Data records Block Start

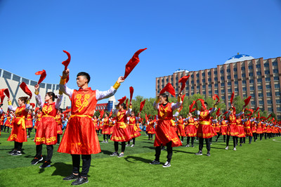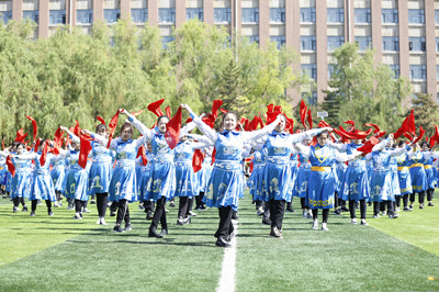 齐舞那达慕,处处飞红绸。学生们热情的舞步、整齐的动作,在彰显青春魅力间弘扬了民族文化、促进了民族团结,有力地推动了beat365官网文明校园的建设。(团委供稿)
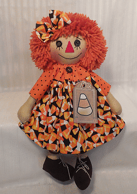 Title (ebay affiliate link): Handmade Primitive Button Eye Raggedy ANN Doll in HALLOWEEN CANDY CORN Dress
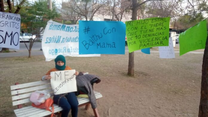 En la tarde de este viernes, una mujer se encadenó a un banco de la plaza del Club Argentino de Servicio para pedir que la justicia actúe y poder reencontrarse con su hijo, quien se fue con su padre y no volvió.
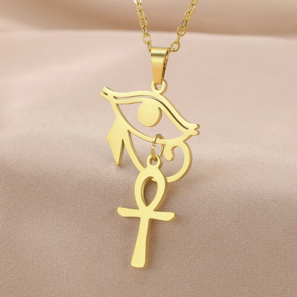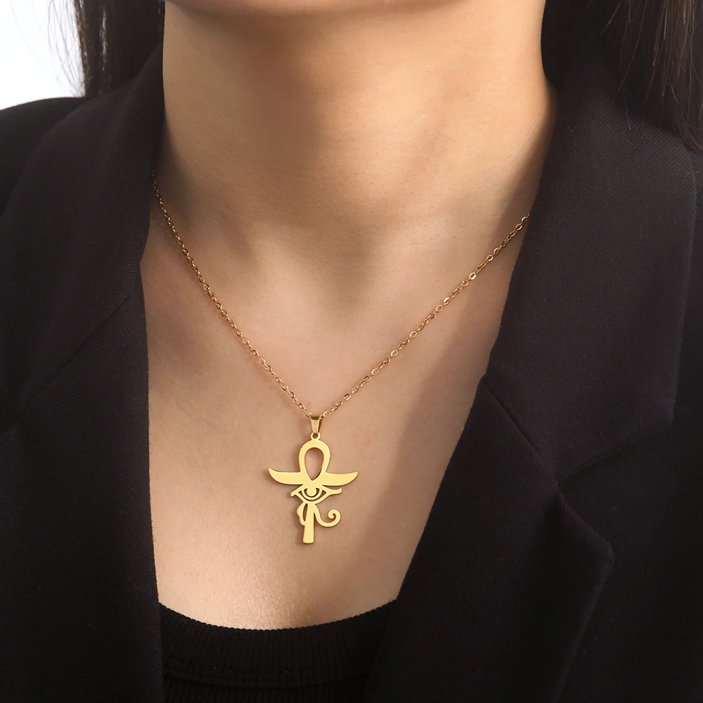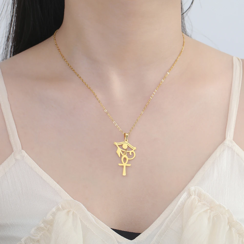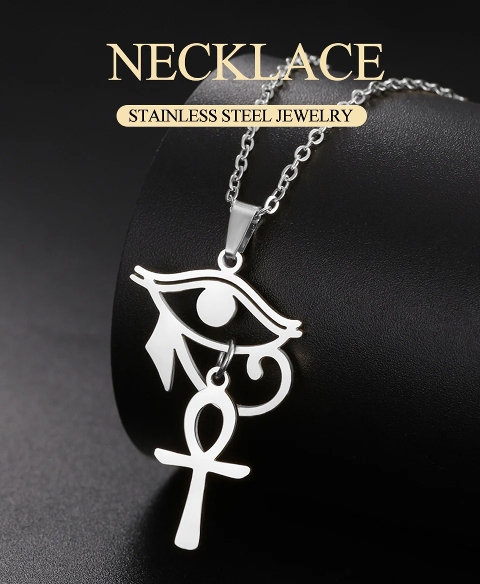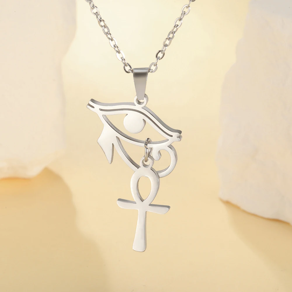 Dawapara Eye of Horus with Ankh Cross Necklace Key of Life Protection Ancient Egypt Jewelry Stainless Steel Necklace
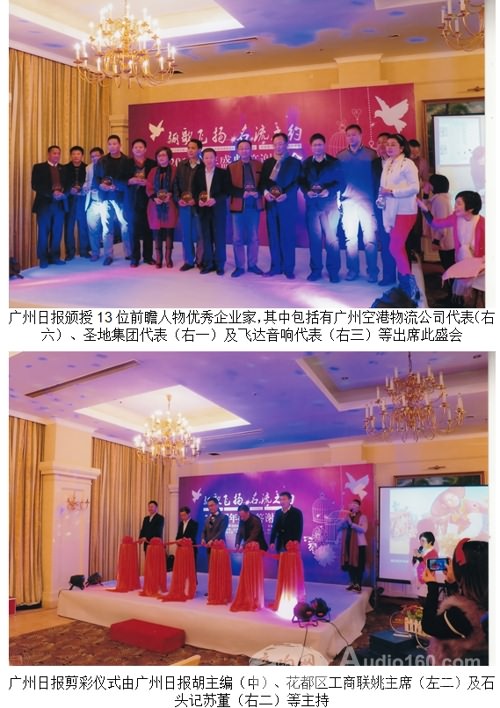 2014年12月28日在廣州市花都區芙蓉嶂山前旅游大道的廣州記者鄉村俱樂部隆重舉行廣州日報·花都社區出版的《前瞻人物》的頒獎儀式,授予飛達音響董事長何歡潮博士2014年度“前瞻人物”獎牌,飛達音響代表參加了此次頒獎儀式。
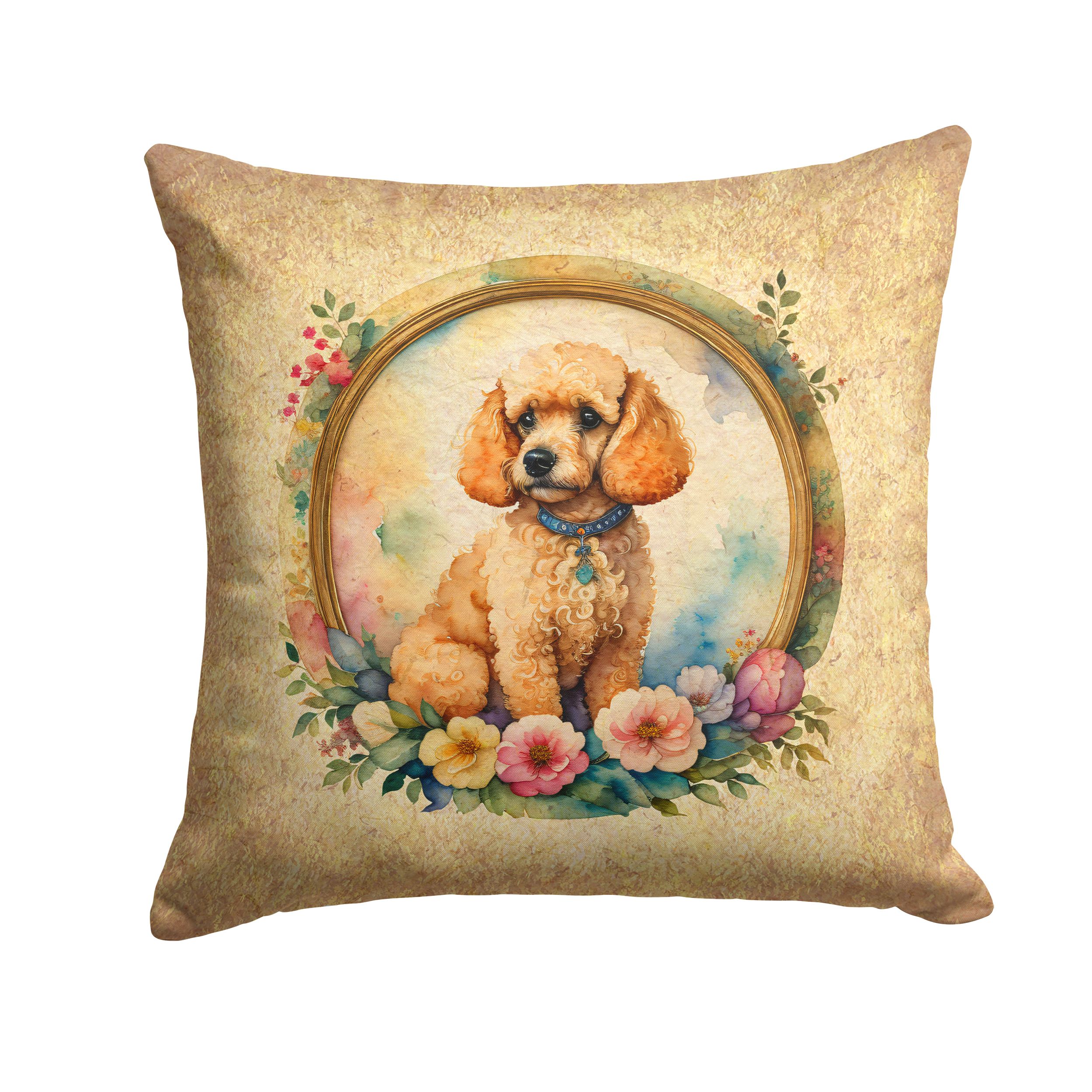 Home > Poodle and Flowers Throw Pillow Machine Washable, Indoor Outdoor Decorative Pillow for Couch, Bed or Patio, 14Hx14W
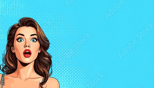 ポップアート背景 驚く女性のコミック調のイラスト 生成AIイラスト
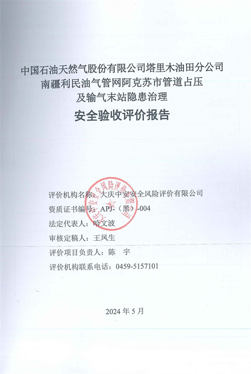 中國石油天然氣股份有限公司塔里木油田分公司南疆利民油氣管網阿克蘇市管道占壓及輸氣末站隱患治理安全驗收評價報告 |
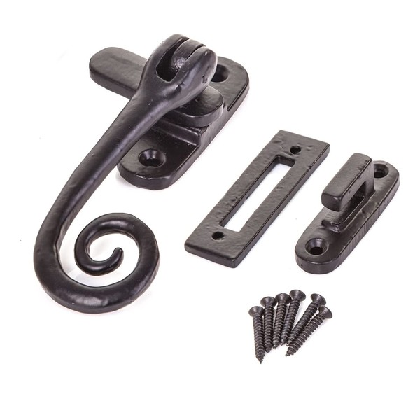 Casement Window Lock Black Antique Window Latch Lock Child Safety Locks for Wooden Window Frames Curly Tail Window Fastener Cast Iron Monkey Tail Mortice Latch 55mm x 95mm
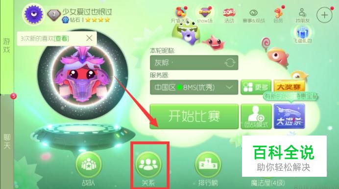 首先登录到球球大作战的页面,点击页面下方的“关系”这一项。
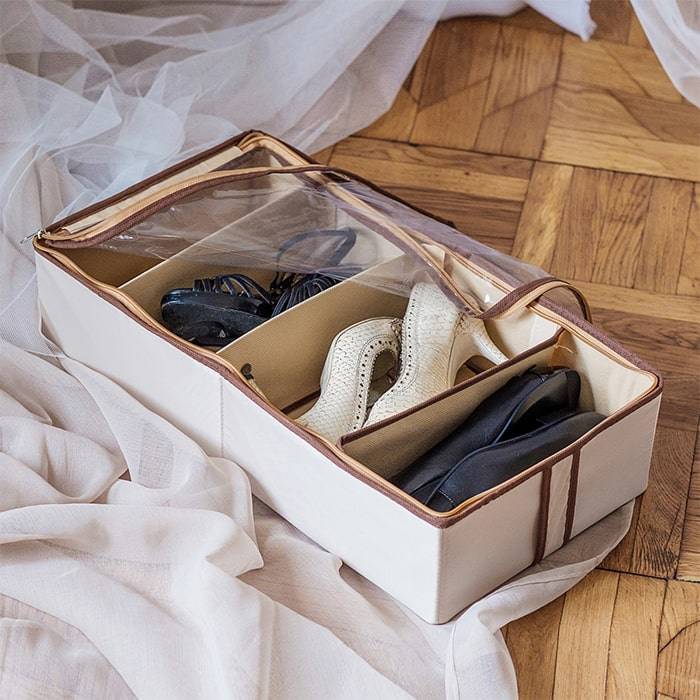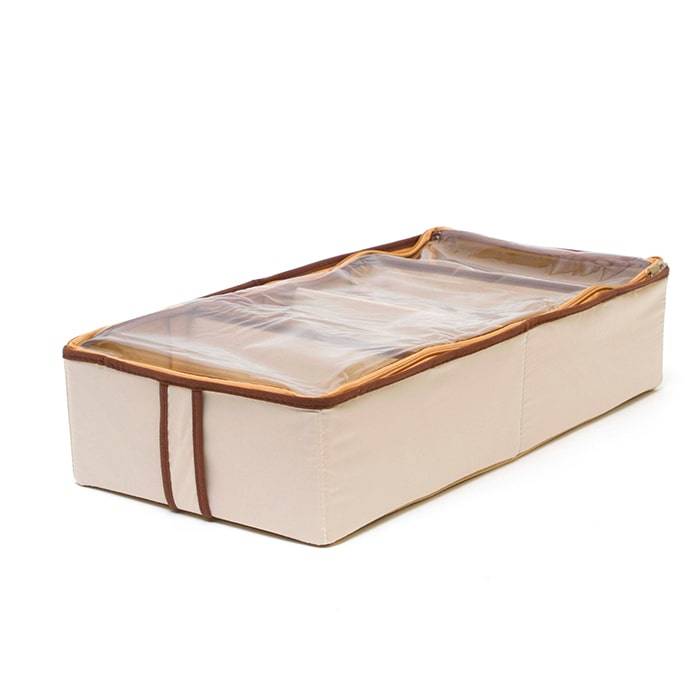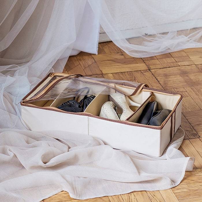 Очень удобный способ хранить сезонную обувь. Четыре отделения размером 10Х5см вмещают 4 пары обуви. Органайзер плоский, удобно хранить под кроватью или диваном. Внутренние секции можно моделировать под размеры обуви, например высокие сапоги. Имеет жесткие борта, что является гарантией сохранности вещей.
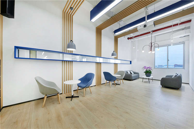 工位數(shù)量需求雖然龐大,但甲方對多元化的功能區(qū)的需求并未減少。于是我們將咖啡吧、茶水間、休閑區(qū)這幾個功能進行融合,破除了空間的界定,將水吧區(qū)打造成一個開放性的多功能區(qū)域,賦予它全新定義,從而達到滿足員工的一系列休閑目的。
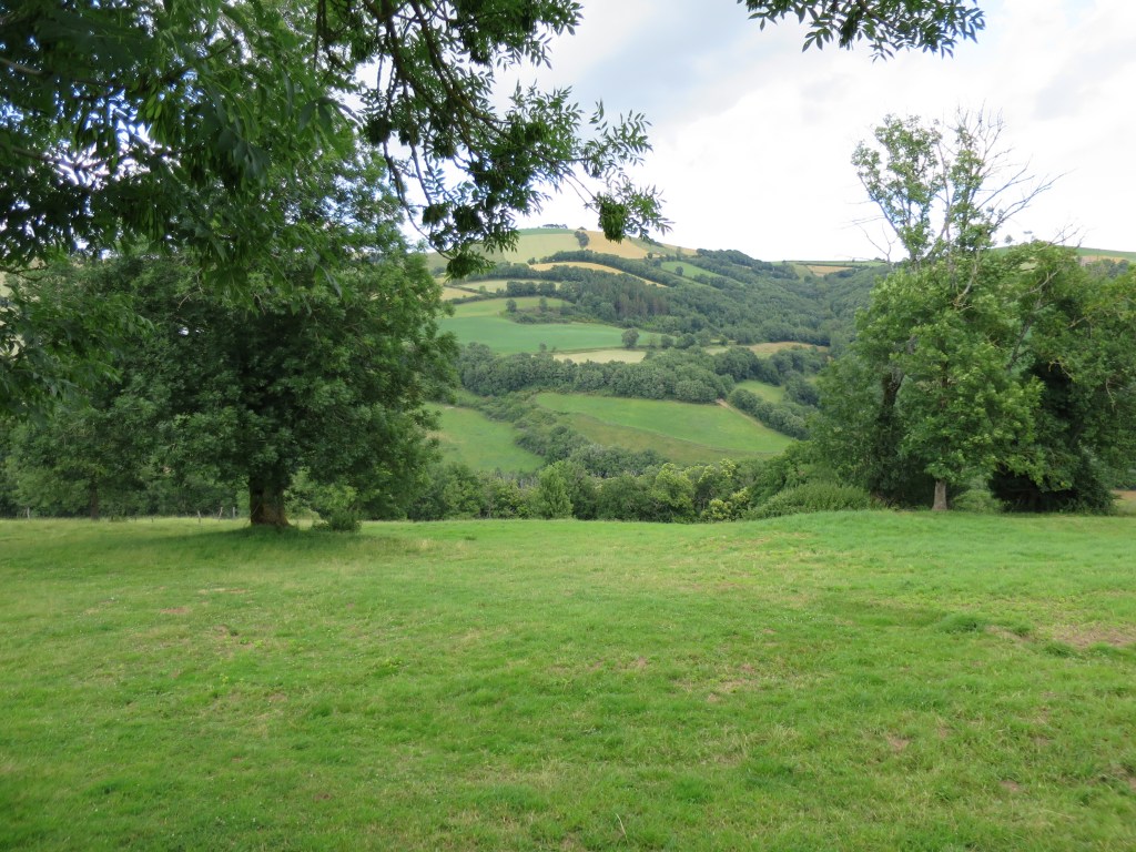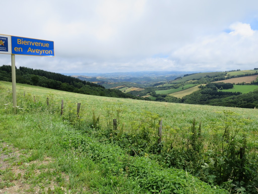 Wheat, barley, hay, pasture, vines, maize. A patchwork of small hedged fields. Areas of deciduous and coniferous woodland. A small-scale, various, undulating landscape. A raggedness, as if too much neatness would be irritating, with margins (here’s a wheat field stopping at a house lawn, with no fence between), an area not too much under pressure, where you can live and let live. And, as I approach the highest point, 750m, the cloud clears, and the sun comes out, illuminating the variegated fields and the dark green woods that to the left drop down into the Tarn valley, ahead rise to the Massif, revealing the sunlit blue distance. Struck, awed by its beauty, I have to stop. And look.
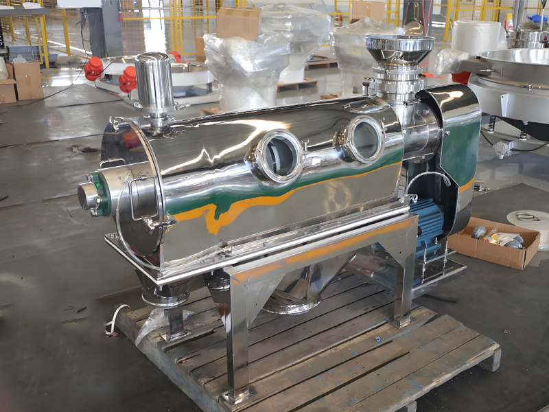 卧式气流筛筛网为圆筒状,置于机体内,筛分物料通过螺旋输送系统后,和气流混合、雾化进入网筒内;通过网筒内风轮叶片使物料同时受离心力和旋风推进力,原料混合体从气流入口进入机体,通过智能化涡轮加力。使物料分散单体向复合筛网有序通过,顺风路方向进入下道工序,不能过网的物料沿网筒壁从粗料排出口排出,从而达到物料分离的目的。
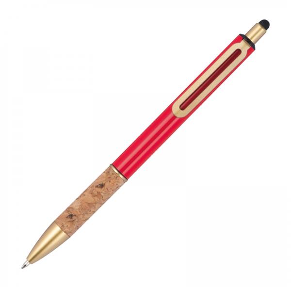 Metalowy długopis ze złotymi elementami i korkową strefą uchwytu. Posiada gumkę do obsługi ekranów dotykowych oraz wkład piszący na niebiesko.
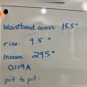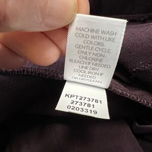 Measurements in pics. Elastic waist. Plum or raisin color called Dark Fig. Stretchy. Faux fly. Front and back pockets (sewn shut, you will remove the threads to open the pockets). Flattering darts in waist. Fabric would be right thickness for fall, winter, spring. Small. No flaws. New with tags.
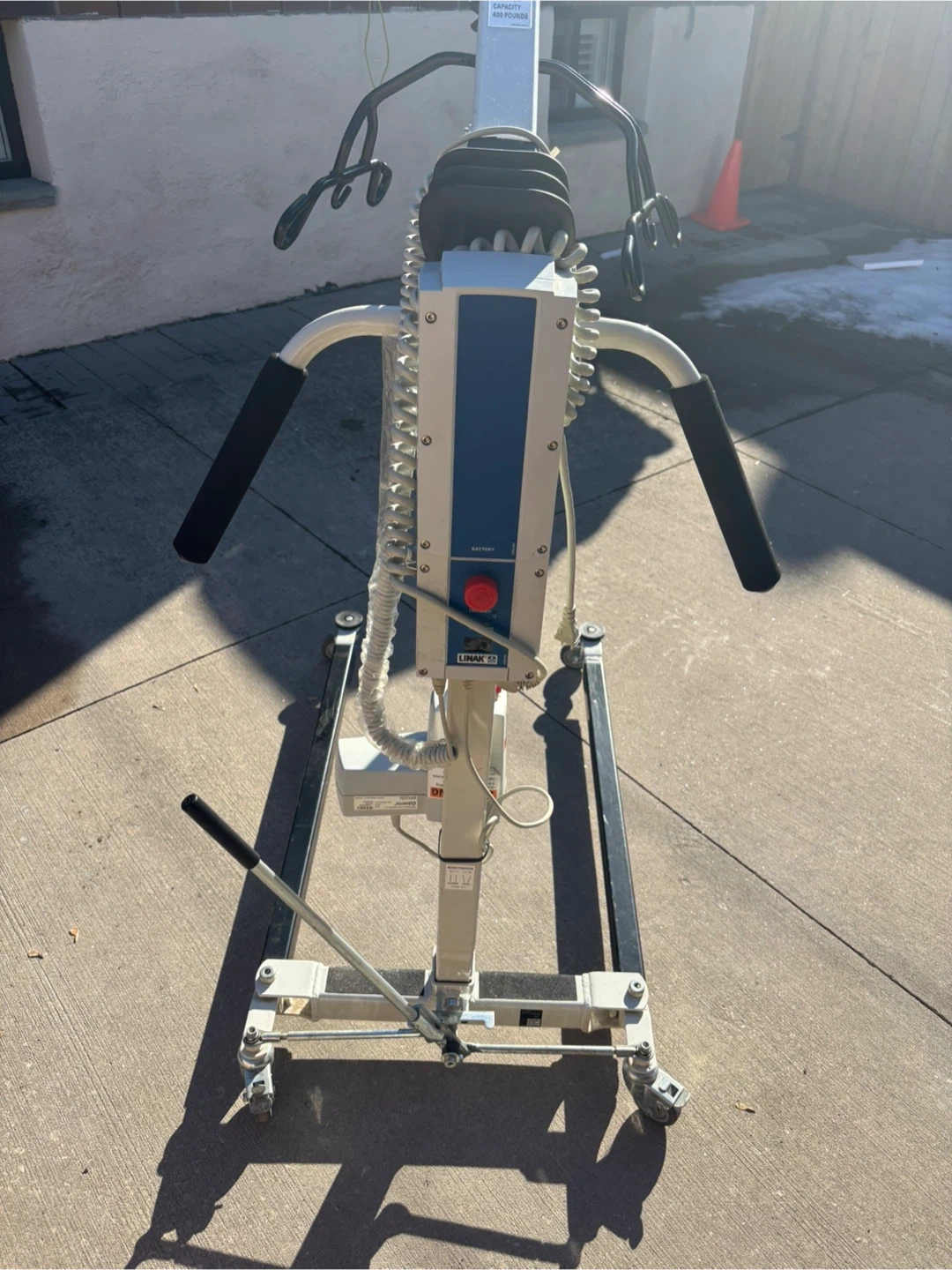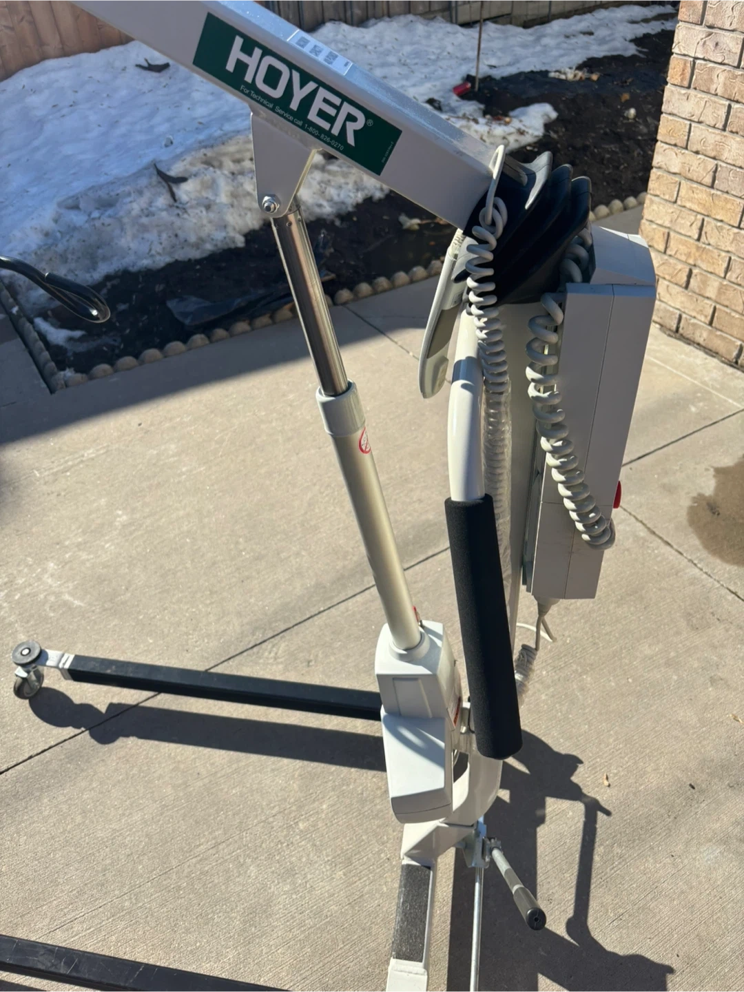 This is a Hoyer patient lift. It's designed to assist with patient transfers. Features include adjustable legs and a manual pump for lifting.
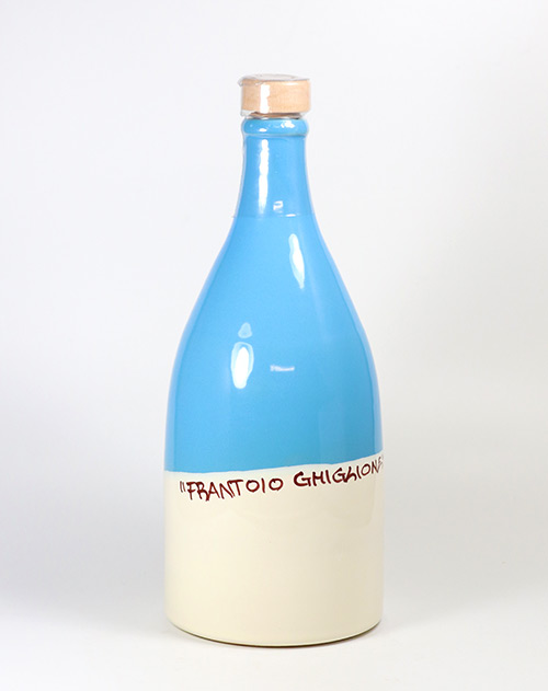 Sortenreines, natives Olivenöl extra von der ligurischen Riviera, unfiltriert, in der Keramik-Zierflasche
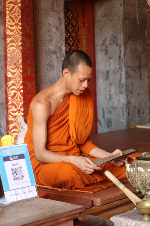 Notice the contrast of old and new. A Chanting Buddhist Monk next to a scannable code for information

Data records Block End

Required action:
Nothing but the lines from the first line of the records above to the line with "Title (ebay affiliate", inclusive, should be transcribed exactly, and the pictures must be left out.

Answer to the exercise:
 齐舞那达慕,处处飞红绸。学生们热情的舞步、整齐的动作,在彰显青春魅力间弘扬了民族文化、促进了民族团结,有力地推动了beat365官网文明校园的建设。(团委供稿)
 Title (ebay affiliate link): Handmade Primitive Button Eye Raggedy ANN Doll in HALLOWEEN CANDY CORN Dress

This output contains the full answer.